#### Excerpted records

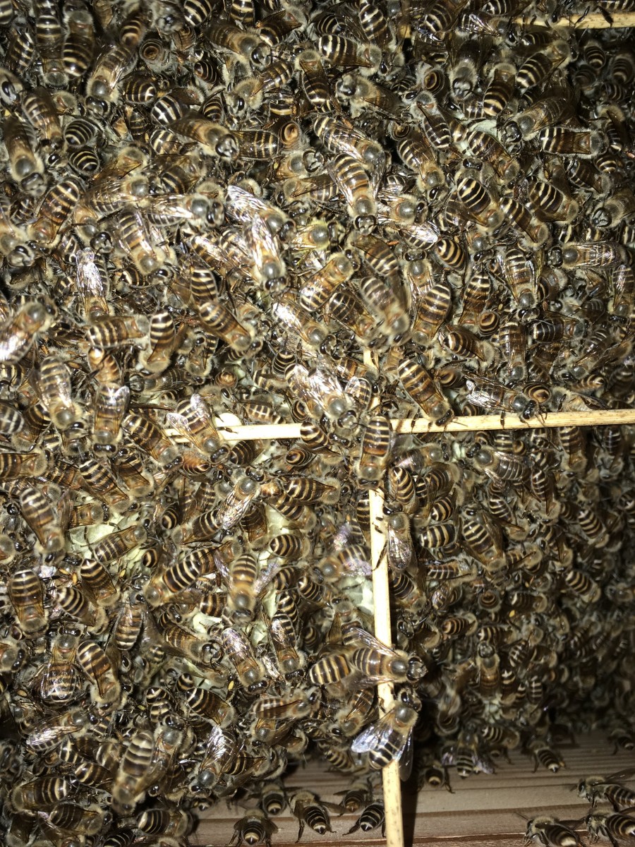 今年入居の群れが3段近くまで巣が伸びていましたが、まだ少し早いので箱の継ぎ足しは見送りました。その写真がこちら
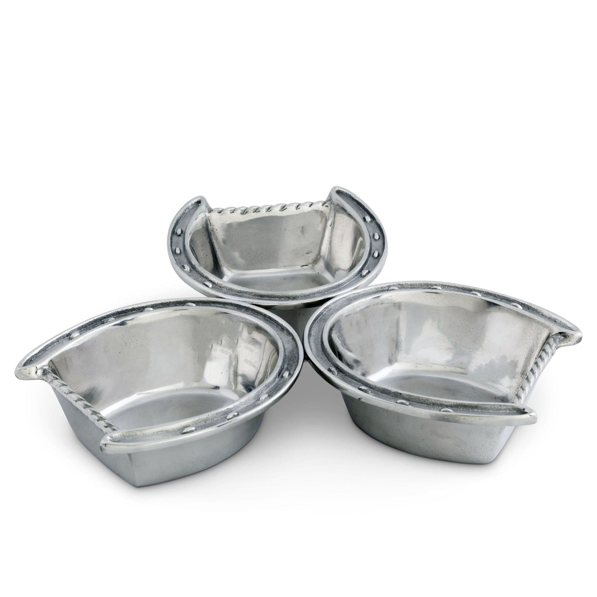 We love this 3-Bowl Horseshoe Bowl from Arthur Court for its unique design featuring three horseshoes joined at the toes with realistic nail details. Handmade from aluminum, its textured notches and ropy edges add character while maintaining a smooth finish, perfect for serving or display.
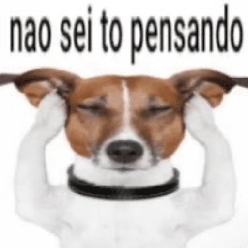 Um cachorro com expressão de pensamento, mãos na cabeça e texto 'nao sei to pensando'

########
#### Excerpted records

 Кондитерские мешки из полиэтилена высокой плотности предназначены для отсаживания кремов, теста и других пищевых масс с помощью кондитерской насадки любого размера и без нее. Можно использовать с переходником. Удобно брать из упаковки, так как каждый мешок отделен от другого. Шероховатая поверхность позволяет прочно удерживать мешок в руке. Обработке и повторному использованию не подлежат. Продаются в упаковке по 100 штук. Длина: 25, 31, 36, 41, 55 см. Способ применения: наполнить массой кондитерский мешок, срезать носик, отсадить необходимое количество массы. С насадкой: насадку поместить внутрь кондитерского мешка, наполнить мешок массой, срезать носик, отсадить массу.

########

● **Task directions**: For this exercise, return exactly the lines above from the line with "今年入居の群れが3段近くまで" through the line with "Um cachorro com", both included. Do not copy the pictures.

● **Exercise answer**:
 今年入居の群れが3段近くまで巣が伸びていましたが、まだ少し早いので箱の継ぎ足しは見送りました。その写真がこちら
 We love this 3-Bowl Horseshoe Bowl from Arthur Court for its unique design featuring three horseshoes joined at the toes with realistic nail details. Handmade from aluminum, its textured notches and ropy edges add character while maintaining a smooth finish, perfect for serving or display.
 Um cachorro com expressão de pensamento, mãos na cabeça e texto 'nao sei to pensando'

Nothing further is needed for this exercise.